[DeTomaso] EFI

[Daniel C Jones]

> Dan
> Do you remember the label on your old post about control schemes?
> dave

No but here is a cut and paste summary from my database:

> The company is called 'Mass-Flo'. The other outfit uses the Mass-Flo system
> in some of their builds.

I looked that system over for some guys on the Pantera forum.  I'll re-post
some of what I posted there:

The Mass-Flo system uses a Ford EEC-IV mass air ECU with a GM LS-6 mass air
meter mounted directly atop a carb intake that has been fitted with injectors
in each runner.  They use the GM sensor for packaging reasons.  A 4 hole
throttle body is used, along with a Ford idle air controller and a box to
convert the GM frequency output to an analog voltage the Ford EEC expects.
Mass-Flo claims their system requires no tuning and will work with any cam.
That is simply not true.  It'll work with cams of sufficiently low overlap.
Cams with large overlap can fool the mass air sensor.  In cases like that,
flow travels in both directions in the intake tract at idle (in plenum V8
intakes where one cylinder is on it's intake stroke and an adjacent cylinder
is not) and at certain resonant conditions at non-idle RPM's.  The mass air
sensor doesn't know where the air is coming from but tells the ECU to react
anyway.  The result is a surge.  This is the primary reason most aftermarket
ECU's are alpha-n or speed density-based.  With the Mass-Flo set-up, the mass
air sensor is located right on top of the plenum which would make it very
susceptible to surging.  One of the tricks to tuning mass air 5.0L's is to
locate the mass air sensor farther from the plenum.  Also, the Ford EEC that
Mass Flo uses assumes a 5.0L engine of a certain volumetric efficiency. These
tables exist since you don't always operate with the MAF sensor in the loop
(or the sensor limits).  Stray too far from the table assumptions and you'll
run into tuning issues.  In short, the Mass-Flo system isn't magic.  It is
susceptible to all the tuning issues the stock Ford EEC and mass air set-up
is susceptible to.  There's a reason things like the TwEECer, EECTuner and
PMS exist.

You can duplicate the Mass-Flo system with a single plane intake (set up for
injection with injector bungs), a 90 degree elbow with throttle body, a Ford
EEC-IV processor, and a mass air meter matched to your injector size.  That
set up would have the added benefit of allowing you to move the mass air
sensor, if necessary, and would not need the extra electronics that conditions
the GM frequency output to work with the Ford analog voltage input.  Also, the
large single disc style throttle bodies usually make a bit more power than
the 4 hole carb style.  A friend runs that set up on his drag race Mustang
with a PMS piggyback controller.  Alternatively, you could do the same thing
with an aftermarket speed density or Alpha-N ECU (without the mass air meter).
That approach will be more flexible but will require additional tuning.

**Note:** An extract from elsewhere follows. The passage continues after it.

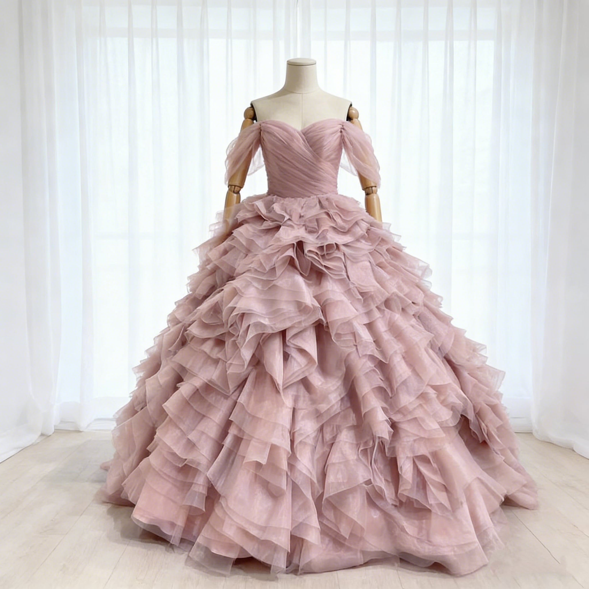 カラードレス ピンク オフショルダー もこもこドレス フレアスカート プリンセスライン ハンドドレープ 花嫁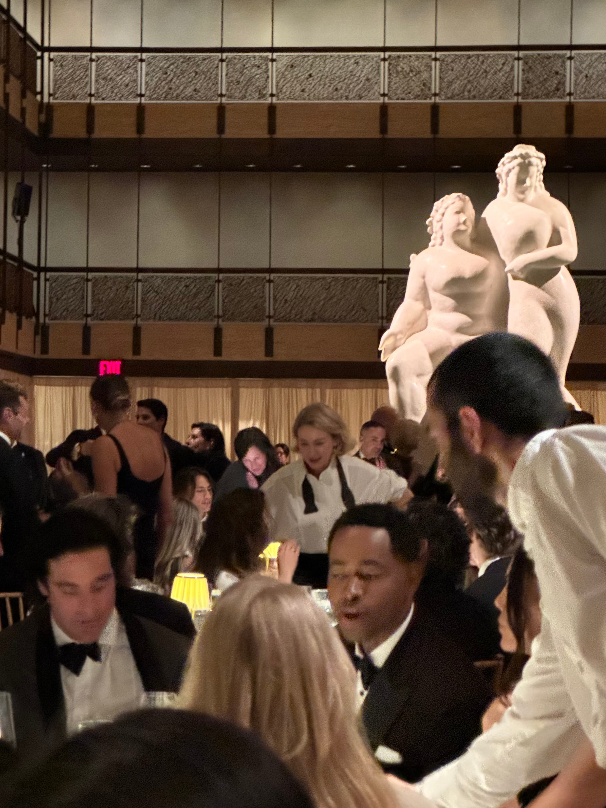 The doc itself was like a piece from the brand: visually rich, transportive, people-centric, and a sequin’s worth of affable corniness that made it identifiably him. The guy is a living legend, in large part because of the levity he brings to luxury. But the room was dripping in taste. The model Bianca Balti in a custom chevron sequin gown and pixie cut had her own gravitational pull, and a louche Naomi Watts leaning over a dinner table with an untied bowtie around her tux shirt collar was just…well nothing comes close.

There are three popular EFI control schemes:

 1. mass air flow
 2. speed density
 3. alpha-n

None of these approaches is best for all engines in all applications.  You
need to understand the limitations to understand which is best for your
particular application.  They differ primarily in the way they sense engine
load.  Speed density systems use manifold vacuum via a MAP (manifold absolute
pressure) sensor to sense load.  Fuel is metered using the MAP input, engine
RPM, and volumetric efficiency tables.  Mass air systems use a MAF (Mass Air
Flow) sensor to directly measure the amount of incoming air.  Those sensors
typically use wires that air exposed to the air flow, though there other
approaches (flapper door, venturi, etc.).  As the air flows over the wire,
it changes the voltage drop across the wire.  Tables in the computer convert
the voltage drop to air mass.  Alpha-N systems are the simplest, using only
RPM and throttle position to determine load.  Note that a MAP sensor can be
used with Alpha-N, but it's used as a barometric pressure sensor to detect
altitude changes.  You can also blend the authority of Alpha-N and speed
density by directing the authority between the throttle position sensor and
the MAP (manifold absolute pressure) sensor.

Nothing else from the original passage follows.